Keluarga Ustadz Jaki kaget ketika keluarga Ustadz Fariz datang dengan berbagai buah tangan yang mirip sekali dengan barang seserahan.
Ustadz Jaki, Shinta dan Salsa tertegun melihat keluarga Ustadz Fariz yang kini berdiri di depan pintu mereka.
"Kalian ini mau ngapain? Katanya mau makan malam di sini, biar gantian gak di rumah kalian terus makannya. Lah ini semua apa?" tanya Ustadz Jaki sambil menunjuk barang-barang yang dibawa oleh Ustadz Fariz, Rhea, Izam dan Yasmin.
"Ini terima dulu, masih ada banyak di mobil," ucap Ustadz Fariz sambil memberikan parsel yang dibawanya pada Ustadz Jaki.
"Hah masih banyak?" tanya Ustadz Jaki bingung sambil melihat barang-barang yang dihias dalam bentuk parsel dan gift box.
Ustadz Fariz dan Izam mengambil barang-barang yang disiapkan oleh Rhea tadi siang. Mereka heran dengan begitu banyaknya barang yang sudah disiapkan Rhea untuk acara tersebut.
"Bi, bukannya Bunda baru tadi siang menyiapkan ini, kok bisa segini banyaknya?" tanya Izam heran melihat banyak barang di bagasi mobilnya.

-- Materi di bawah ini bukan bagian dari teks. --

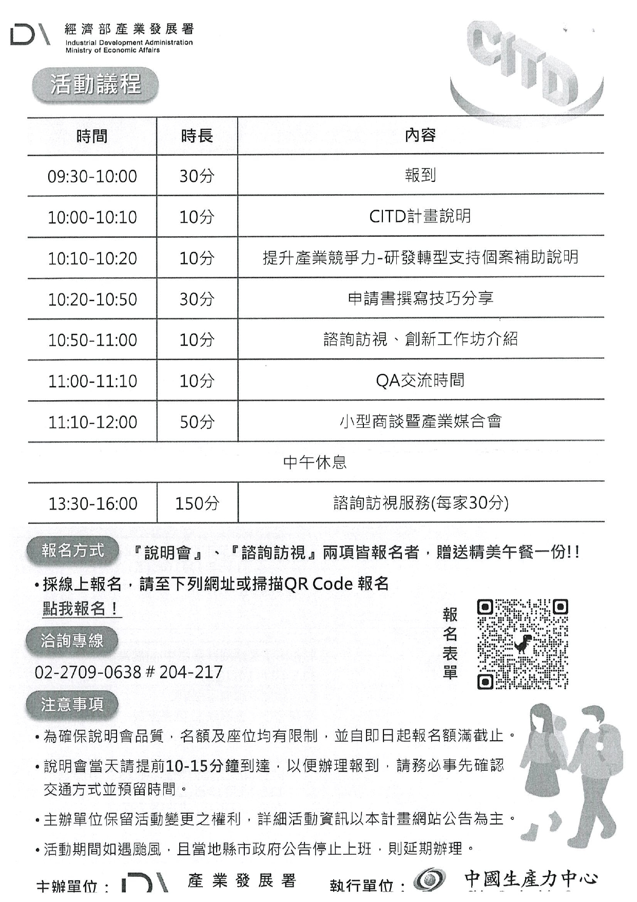 五、說明會並增設「諮詢訪視服務」,由專業顧問協助業者釐清研發方向與技術需求,強化技術開發規劃,協助突破新產品研發瓶頸,促進創新發展。

Ustadz Fariz terkekeh sambil memberikan beberapa gift box pada Izam. Kemudian dia berkata,
"Hebat kan Bunda kamu?"
"Bundanya Izam... hebat dong," jawab Izam dengan jumawanya.
"Habibati nya Abi tuh," sahut Ustadz Fariz sambil berjalan beriringan dengan Izam membawa beberapa gift box.
Beberapa kali mereka bolak-balik mengambil barang-barang dari mobil mereka. Hingga semua terkumpul di ruang tamu Ustadz Jaki.
Shinta, Salsa dan Ustadz Jaki yang duduk manis di ruang tamu melihat semua barang-barang yang dibawa keluarga Ustadz Fariz merasa heran, bingung dan aneh.
"Ini kalian mau ngapain? Kayak mau ngelamar aja?" tanya Ustadz Jaki heran.
"Nah itu tau," jawab Ustadz Fariz sambil terkekeh.
"Apa kalian minta kita membawa ini semua besok pada saat ke rumah Kyai Anwar?" tanya Ustadz Jaki pada Ustadz Fariz dan Rhea sambil melihat mereka bergantian.
Ustadz Fariz dan Rhea yang duduk berdampingan di hadapan Ustadz Jaki hanya tersenyum, membuat Ustadz Jaki semakin bingung.
Salsa sangat kaget mendengar pertanyaan Abi nya yang dijawab dengan senyuman oleh Ustadz Fariz dan Rhea. Sungguh hatinya sangat sakit karena reaksi Ustadz Fariz dan Rhea seolah membenarkan pertanyaan dari Ustadz Jaki.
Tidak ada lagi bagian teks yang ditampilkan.